▶ _DESCRIPTION OF THE TASK_
Exactly reproduce the lines from the one holding "Yellow soft silk" through the end of the records, including both boundary lines but no pictures.

(AVAILABLE DATA begins)

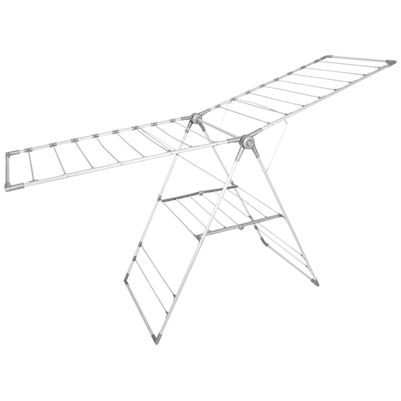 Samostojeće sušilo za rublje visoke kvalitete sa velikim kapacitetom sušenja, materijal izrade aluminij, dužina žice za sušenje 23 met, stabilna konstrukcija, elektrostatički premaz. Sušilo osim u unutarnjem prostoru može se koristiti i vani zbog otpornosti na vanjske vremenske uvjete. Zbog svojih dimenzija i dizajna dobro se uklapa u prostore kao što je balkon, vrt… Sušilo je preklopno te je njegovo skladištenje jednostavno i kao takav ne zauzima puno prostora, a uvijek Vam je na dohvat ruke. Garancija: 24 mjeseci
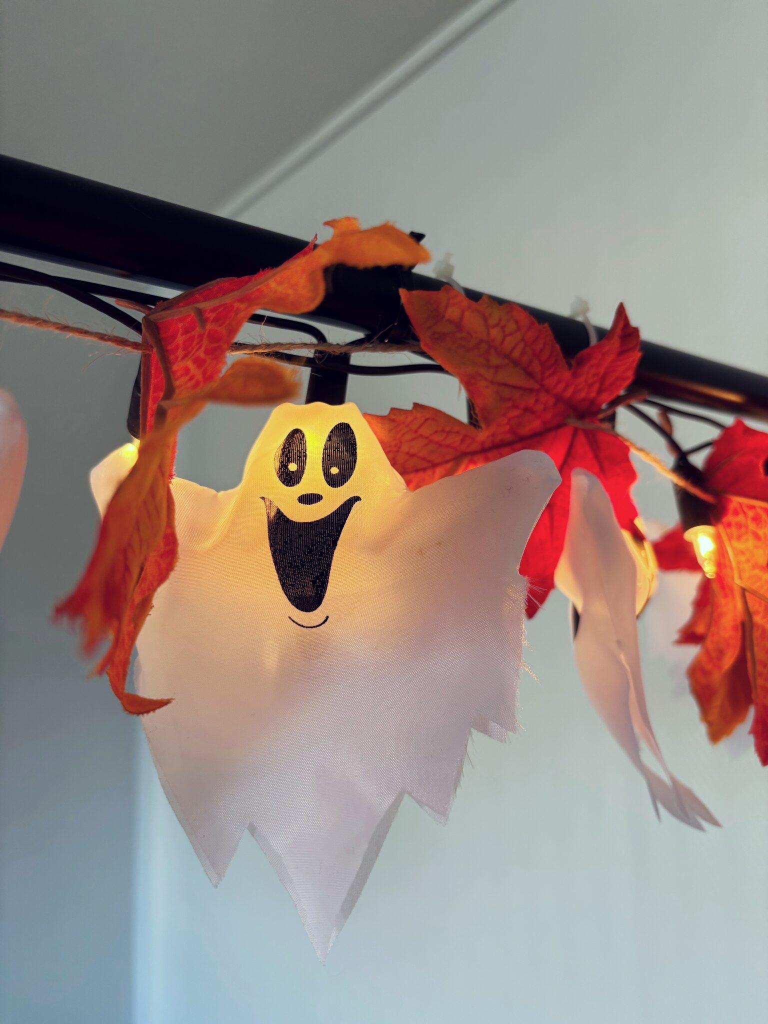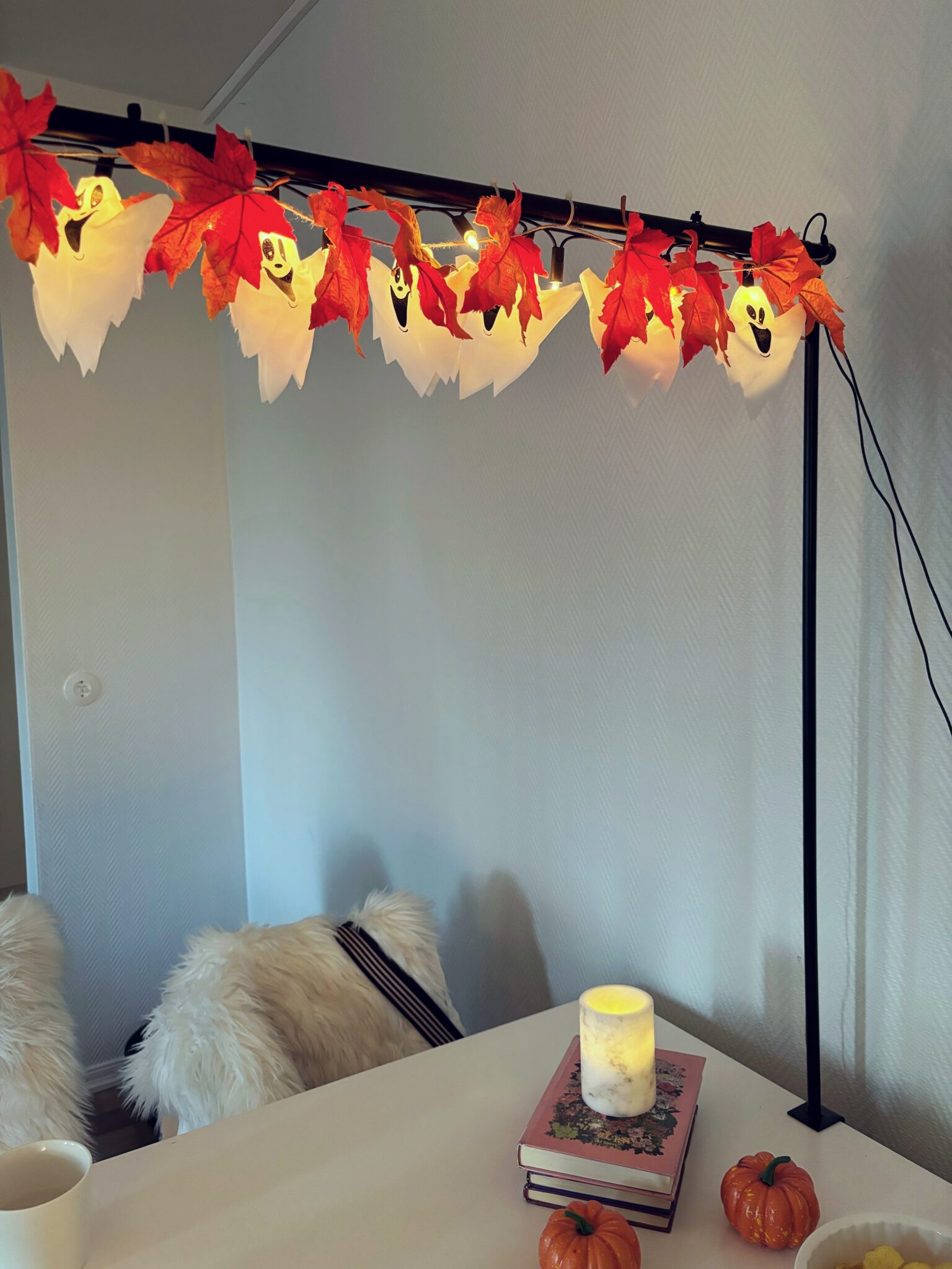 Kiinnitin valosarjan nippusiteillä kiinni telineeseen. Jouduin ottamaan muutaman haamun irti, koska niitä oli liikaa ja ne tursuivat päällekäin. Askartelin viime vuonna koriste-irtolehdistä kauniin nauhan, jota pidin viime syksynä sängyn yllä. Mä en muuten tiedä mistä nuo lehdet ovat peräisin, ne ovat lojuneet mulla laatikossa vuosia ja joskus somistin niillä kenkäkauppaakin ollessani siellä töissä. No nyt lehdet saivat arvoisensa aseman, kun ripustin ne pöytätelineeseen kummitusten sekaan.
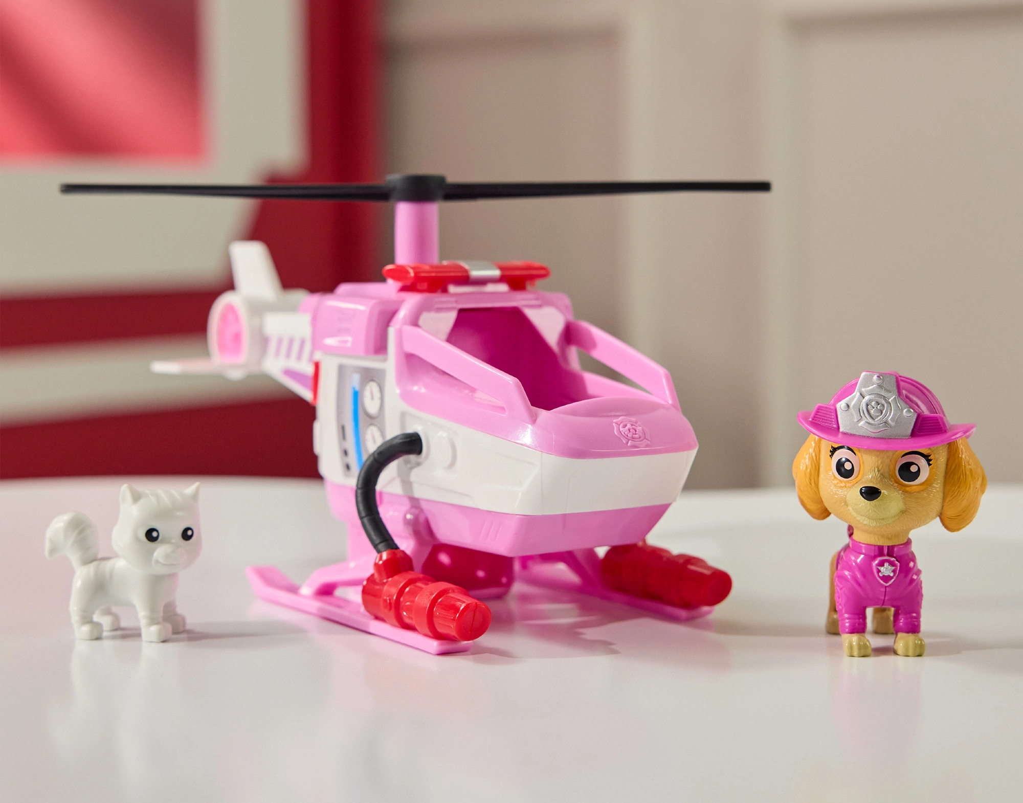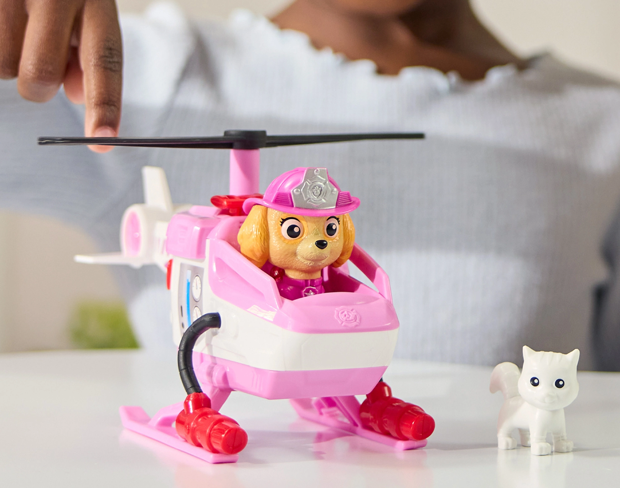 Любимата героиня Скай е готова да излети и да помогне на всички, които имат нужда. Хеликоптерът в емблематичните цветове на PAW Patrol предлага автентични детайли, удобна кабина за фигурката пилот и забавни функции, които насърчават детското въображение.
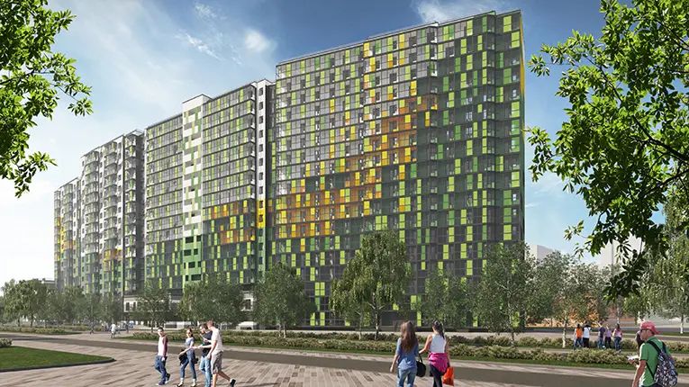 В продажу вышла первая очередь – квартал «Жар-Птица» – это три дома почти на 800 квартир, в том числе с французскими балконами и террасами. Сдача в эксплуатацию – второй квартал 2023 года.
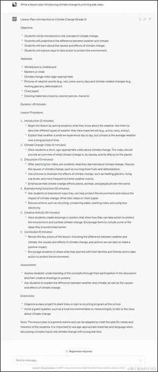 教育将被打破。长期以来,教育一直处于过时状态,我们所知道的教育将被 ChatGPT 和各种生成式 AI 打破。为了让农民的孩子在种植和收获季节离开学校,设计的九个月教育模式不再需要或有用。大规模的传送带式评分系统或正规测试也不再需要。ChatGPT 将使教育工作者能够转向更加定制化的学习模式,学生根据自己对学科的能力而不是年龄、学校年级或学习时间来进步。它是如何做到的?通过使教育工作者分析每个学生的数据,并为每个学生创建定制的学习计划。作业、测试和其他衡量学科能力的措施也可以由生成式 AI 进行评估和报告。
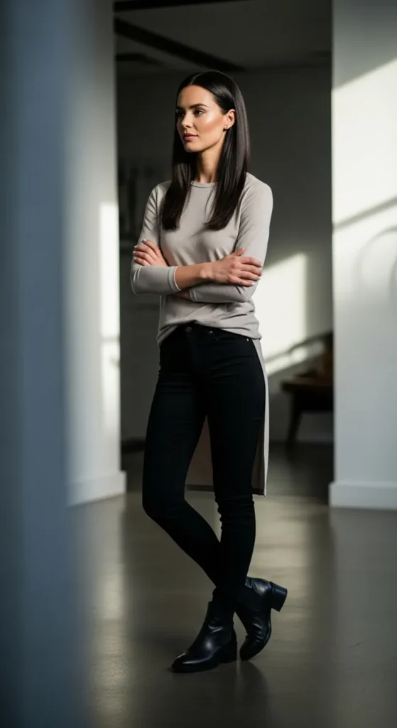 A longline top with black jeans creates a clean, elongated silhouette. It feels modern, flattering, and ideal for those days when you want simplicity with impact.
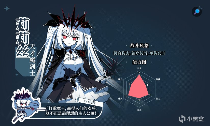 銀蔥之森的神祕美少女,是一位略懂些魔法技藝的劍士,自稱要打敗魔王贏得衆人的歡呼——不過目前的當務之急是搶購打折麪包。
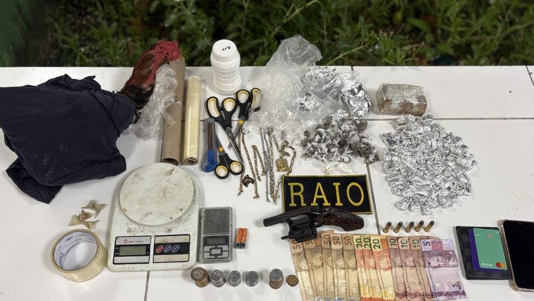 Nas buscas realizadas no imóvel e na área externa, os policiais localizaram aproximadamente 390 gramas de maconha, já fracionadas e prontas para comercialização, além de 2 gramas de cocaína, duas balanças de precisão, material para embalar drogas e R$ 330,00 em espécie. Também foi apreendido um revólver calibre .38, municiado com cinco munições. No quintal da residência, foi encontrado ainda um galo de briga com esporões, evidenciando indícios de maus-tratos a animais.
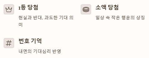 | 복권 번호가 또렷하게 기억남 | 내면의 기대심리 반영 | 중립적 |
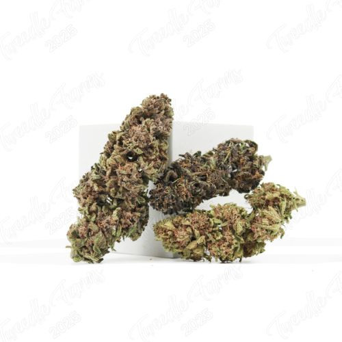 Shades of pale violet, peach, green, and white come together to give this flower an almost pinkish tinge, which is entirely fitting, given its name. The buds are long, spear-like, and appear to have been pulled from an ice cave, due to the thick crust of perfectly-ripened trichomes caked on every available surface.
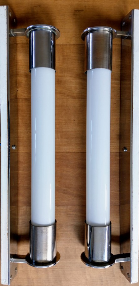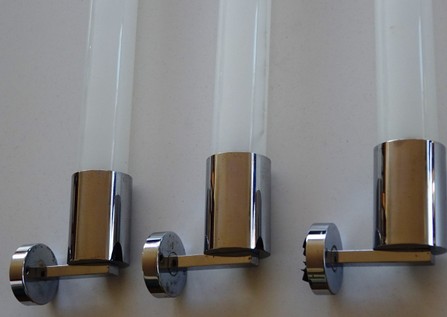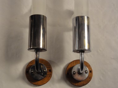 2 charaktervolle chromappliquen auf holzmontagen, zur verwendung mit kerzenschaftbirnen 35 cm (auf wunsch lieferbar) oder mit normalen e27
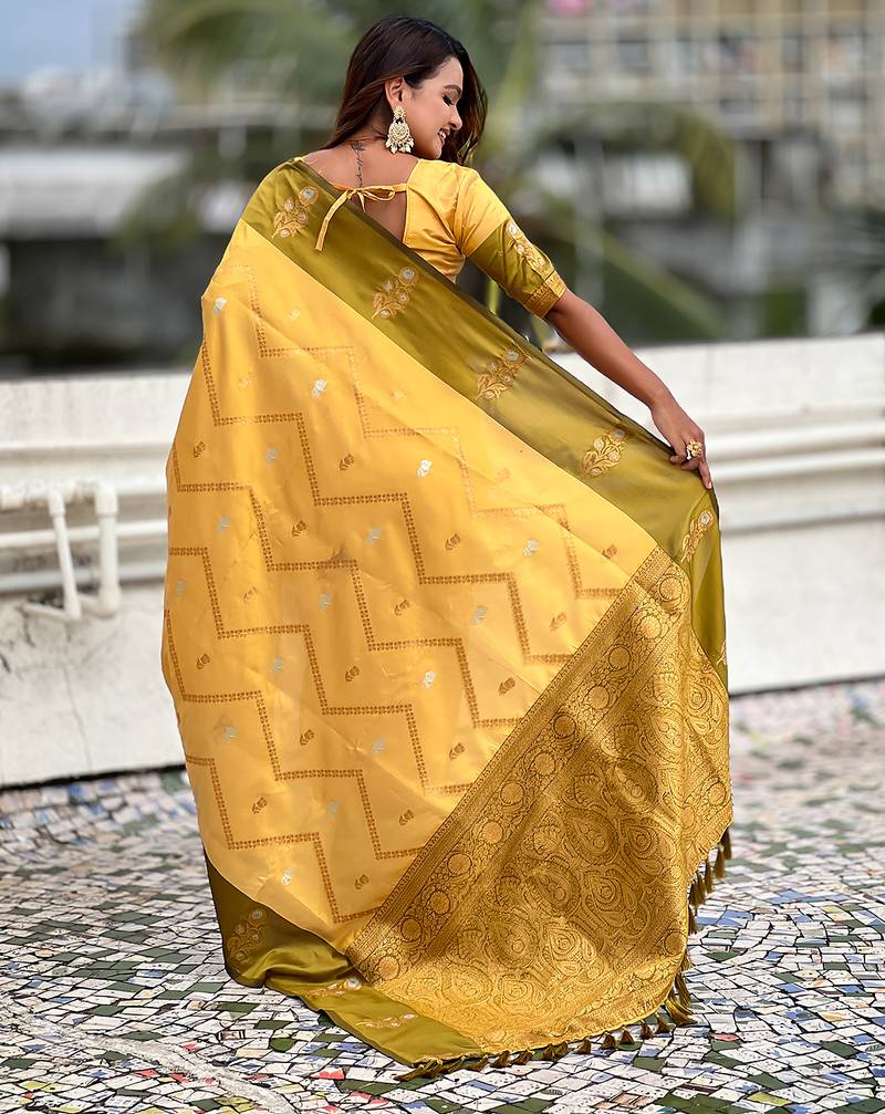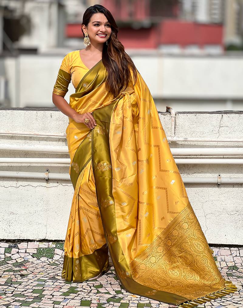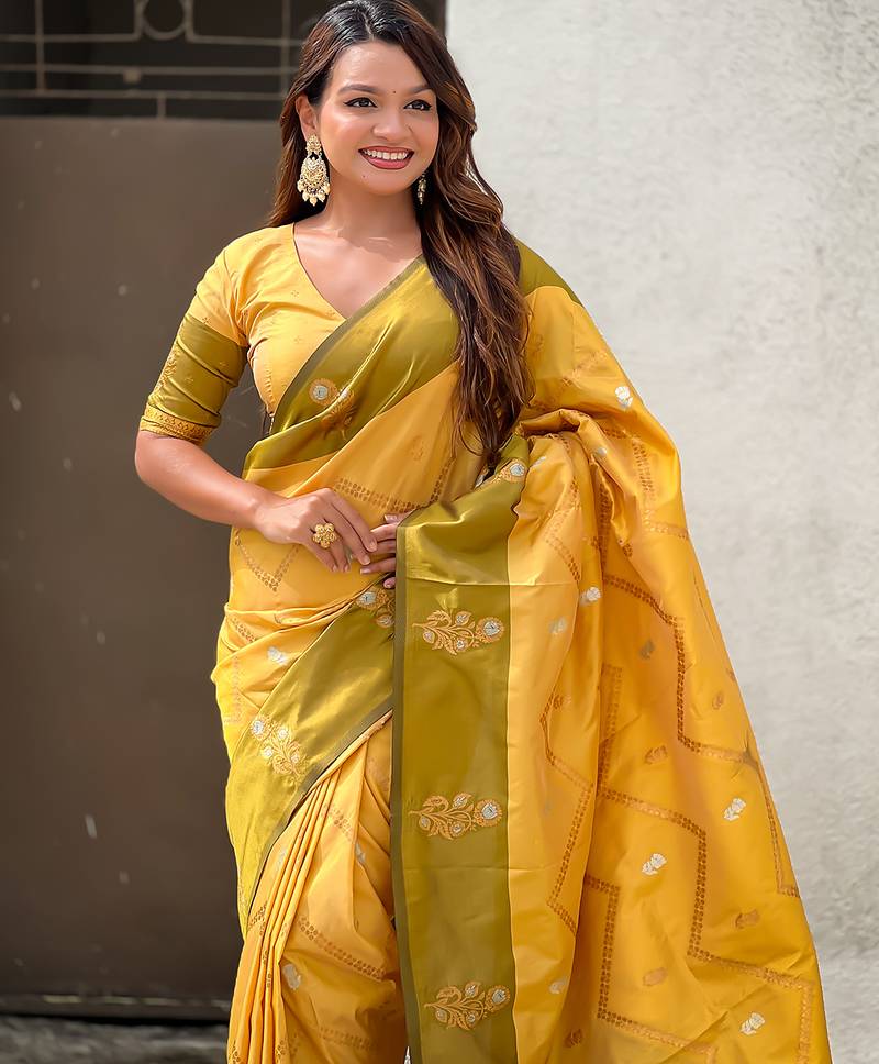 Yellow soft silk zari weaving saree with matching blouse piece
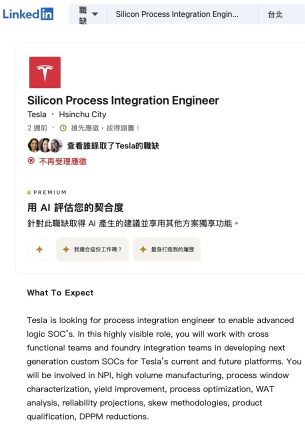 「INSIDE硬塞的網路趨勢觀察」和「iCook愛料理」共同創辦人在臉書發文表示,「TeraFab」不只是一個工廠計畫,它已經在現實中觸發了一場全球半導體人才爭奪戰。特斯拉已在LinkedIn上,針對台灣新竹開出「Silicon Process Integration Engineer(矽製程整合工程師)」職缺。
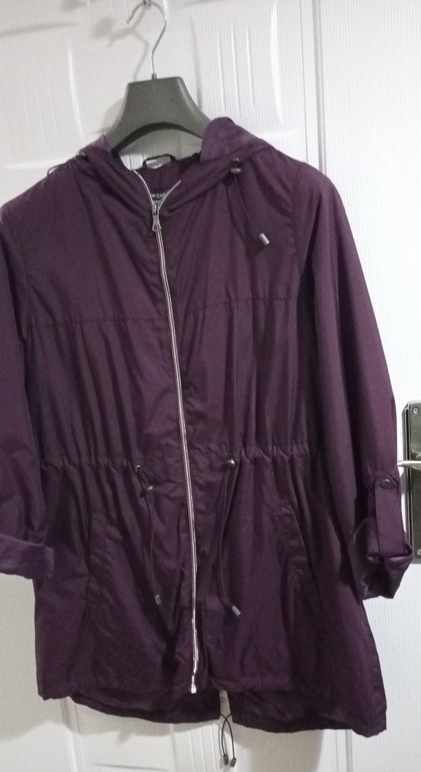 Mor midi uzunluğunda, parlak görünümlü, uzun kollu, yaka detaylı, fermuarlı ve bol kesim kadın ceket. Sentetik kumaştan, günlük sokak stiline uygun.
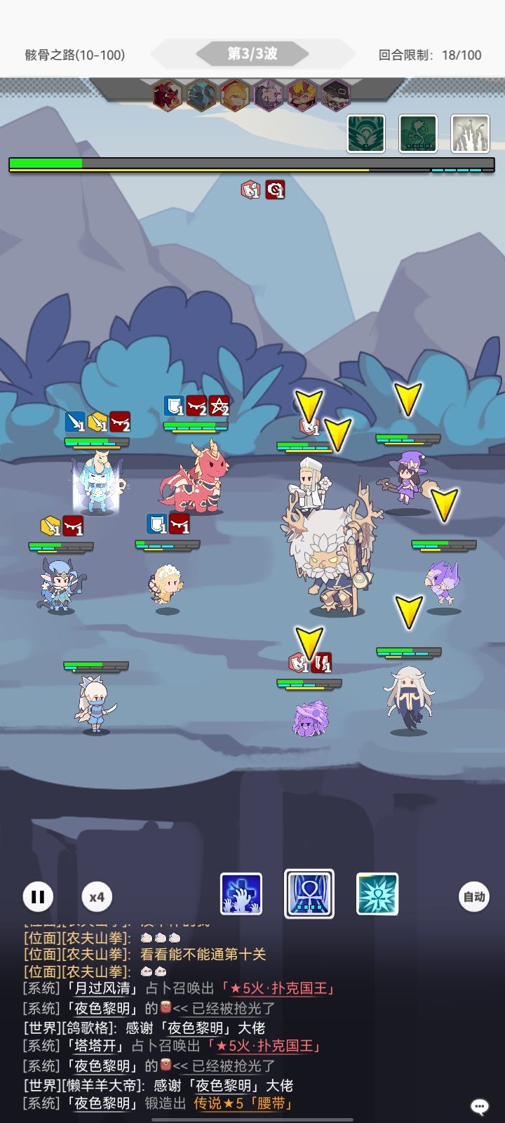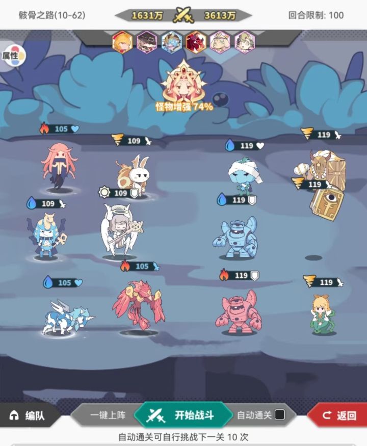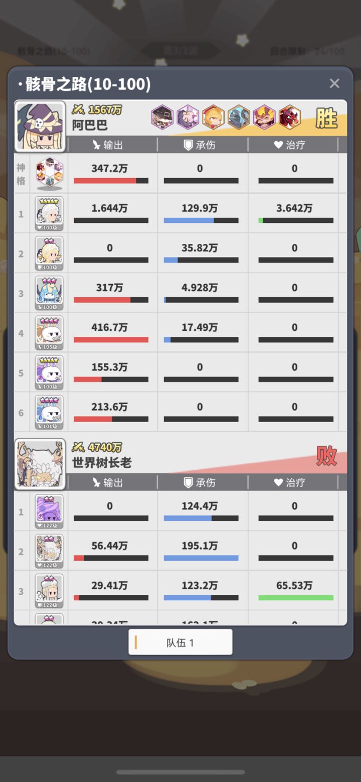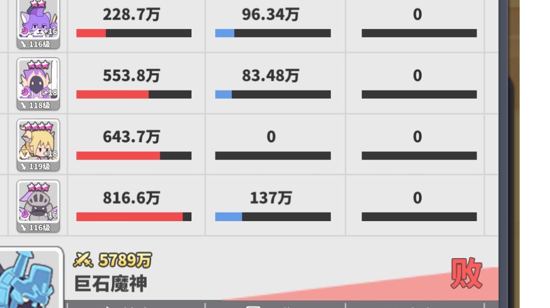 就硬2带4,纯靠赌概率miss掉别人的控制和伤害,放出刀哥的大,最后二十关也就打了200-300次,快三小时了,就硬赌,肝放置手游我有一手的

(AVAILABLE DATA ends)

▶ _SOLUTION_
 Yellow soft silk zari weaving saree with matching blouse piece
 「INSIDE硬塞的網路趨勢觀察」和「iCook愛料理」共同創辦人在臉書發文表示,「TeraFab」不只是一個工廠計畫,它已經在現實中觸發了一場全球半導體人才爭奪戰。特斯拉已在LinkedIn上,針對台灣新竹開出「Silicon Process Integration Engineer(矽製程整合工程師)」職缺。
 Mor midi uzunluğunda, parlak görünümlü, uzun kollu, yaka detaylı, fermuarlı ve bol kesim kadın ceket. Sentetik kumaştan, günlük sokak stiline uygun.
 就硬2带4,纯靠赌概率miss掉别人的控制和伤害,放出刀哥的大,最后二十关也就打了200-300次,快三小时了,就硬赌,肝放置手游我有一手的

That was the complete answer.